**Task to complete**
Starting at the top of the records below and ending with the line that contains "학습영역  틀리기 쉬운 맞춤법 쓰기 연습을 통한 문해력 기반 향상", print each line exactly as written, skipping the pictures.

**Data entries**
::::

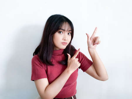 Happy and smile face with smile of young Asian girl in red shirt with hand point on empty space.
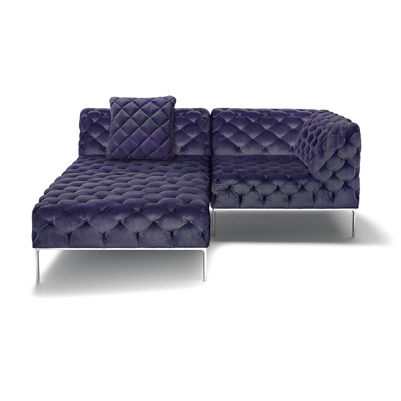 リズミカルにステッチ(タフティング加工)を施したクラシックなチェスターフィールド調のソファを、モダンにアレンジしたデザインです。
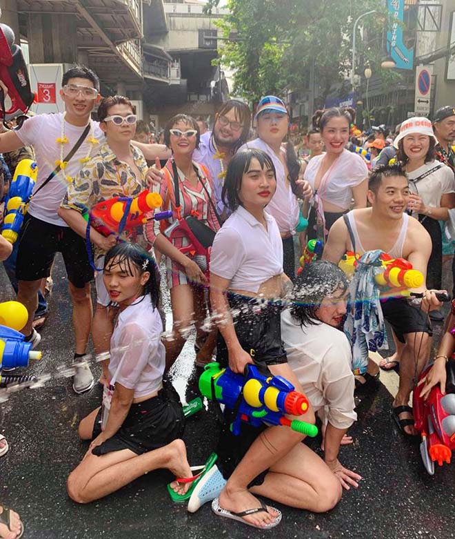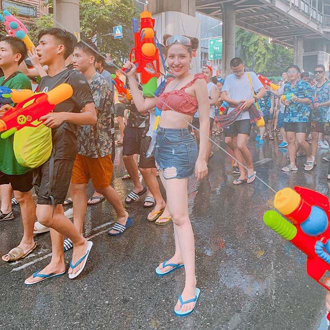 Cùng với đó, các sao Việt cũng rủ nhau có mặt tại Thái Lan để hòa vào không khí vui nhộn dịp lễ hội. đúng với tinh thần “té nước”, mỗi ngươi đều chọn cho minh những bộ cánh thoải mái, đơn giản để có thể tự tin vui chơi hết cỡ.
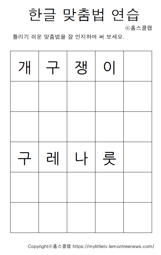 학습영역  틀리기 쉬운 맞춤법 쓰기 연습을 통한 문해력 기반 향상
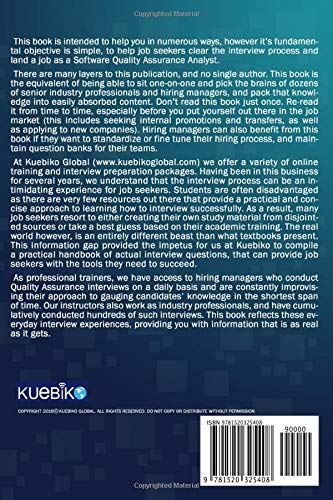 This book is intended to help you in numerous ways, however the fundamental objective is simple- to help job seekers clear the interview process and land a job as a Software Quality Analyst. There are many layers to this publication, and no single author. This book is the equivalent of being able to sit one-on-one and pick the brains of dozens of senior industry professionals and hiring managers, and pack that knowledge into easily absorbed content. Don’t read this book only once. Re-read it from time to time, especially before you put yourself out there in the job market (this includes seeking internal promotions and transfers, as well as applying to new companies). Even hiring managers can benefit from this book if they want to standardize or fine tune their hiring process, and maintain question banks for their teams.
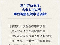 央视网中新网3月18日电 发生劳动争议,当事人可以到哪些调解组织申请调解?人社部3月18日通过官方微信公众号作出解答。具体如下: 可以去以下调解组织申请调解: 一是企业劳动争议调解委员会; 二是依法设立的基层人民调解组织; 三是在乡镇、街道设立的具有劳动争议调解职能的组织。 图片来源:人力资源社会保障部微信公众号
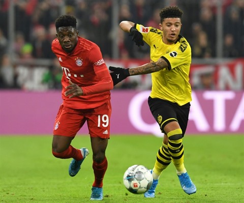 | Le milieu britannique de Dortmund Jardon Sancho (droite) à la lutte avec le milieu du Bayern Davies Alphonso, le 9 novembre à Munich. |
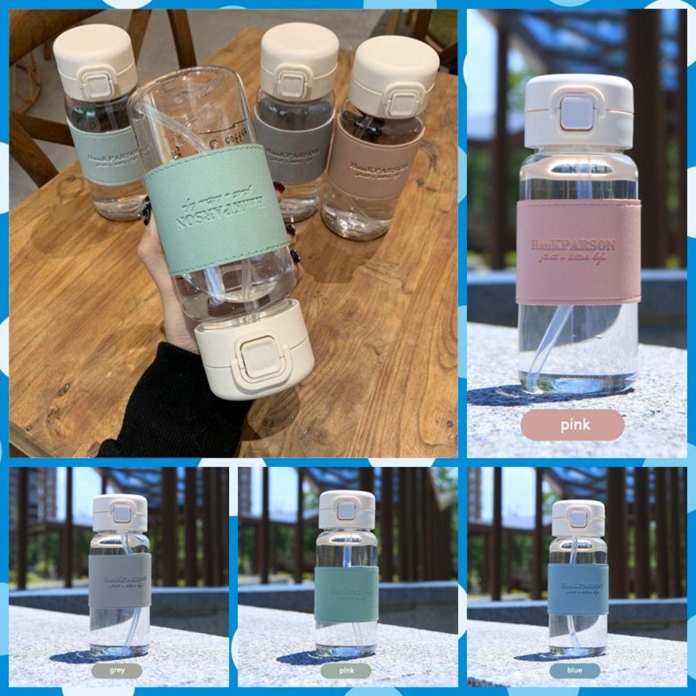 Insulation Sleeve Transparent Plastic Water Bottle With Straw Cups Portable Drinking Bottle Gift розовый
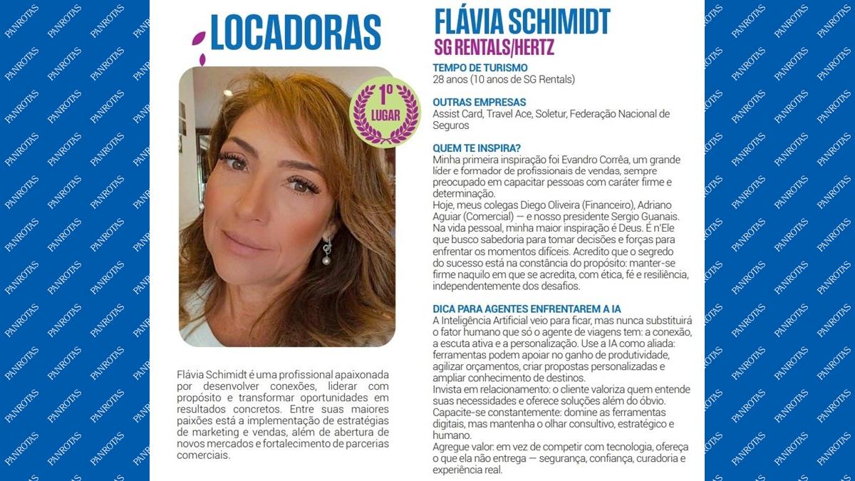 Flávia Schimidt, campeã na categoria Locadoras de Veículos no Rio de Janeiro no Melhores Promotores de Vendas PANROTAS 2025, é uma profissional apaixonada por desenvolver conexões, liderar com propósito e transformar oportunidades em resultados concretos.

::::

**Response area**
 Happy and smile face with smile of young Asian girl in red shirt with hand point on empty space.
 リズミカルにステッチ(タフティング加工)を施したクラシックなチェスターフィールド調のソファを、モダンにアレンジしたデザインです。
 Cùng với đó, các sao Việt cũng rủ nhau có mặt tại Thái Lan để hòa vào không khí vui nhộn dịp lễ hội. đúng với tinh thần “té nước”, mỗi ngươi đều chọn cho minh những bộ cánh thoải mái, đơn giản để có thể tự tin vui chơi hết cỡ.
 학습영역  틀리기 쉬운 맞춤법 쓰기 연습을 통한 문해력 기반 향상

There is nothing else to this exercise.